Nitekim Osmanlı'da hem Tarsus'taki Eshab-ı Kehf için, hem Afşin'deki Eshab-ı Kehf için oraya ödenek gönderilmiş, birtakım tahsisatlarda bulunulmuş. Amaç buradaki bizim dinimize ait olan, aslında hristiyanlarca da çok önemli olan bu güzel hadisenin ve bu güzel insanların hatırlatılması ve hep tarih boyunca insanlığın olduğu her yerde, insanlara anlatılması, yaşatılması amaçlanmış.
Tabiî ki şu anda nerde olduğunu yüzde yüz ispatlamak mümkün değil. Ama dediğim gibi özellikle Prof. Dr. Ahmet Akgündüz'ün, 'Arşiv belgeleri ışığında Tarsus tarihi ve Eshab-ı Kehf'' kitabında çok net olarak pek çok ilim adamının tefsirlerinde ve araştırmalarında asıl mekanın Tarsus'taki Encülüs dağındaki Eshab-ı Kehf olduğuna dair çok sayıda kanıtları ve iddiaları bulunmaktadır.

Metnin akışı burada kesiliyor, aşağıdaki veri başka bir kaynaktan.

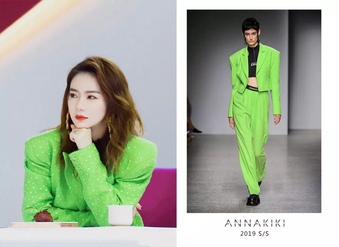 戚薇身穿ANNAKIKI 2019S/S米兰时装走秀款烫珠西装短外套、削肩背心及精纺羊毛松紧阔腿裤录制节目,霸气戚哥完美hold住醒目未来感荧光绿!

Bizde Tarsus'ta yaşayan insanlar olarak Tarsus'taki Eshab-ı Kehf mağarasının daha fazla gerçeği yansıttığını ve olması gereken mekan olduğunu düşünüyoruz. Çünkü Kur'an-ı Kerim'deki tarifle mağaranın girişi, açıldığı kapı ve oradaki tarifler Encülüs dağımızdaki Eshab-ı Kehf mağaramıza tıpa tıp uyuyor. Bizde tabiî ki böyle bir güzelliğe sahip olduğumuz için gurur duyuyoruz. Bunun dışında sahip çıkan herkese de saygı duyuyoruz.'' dedi.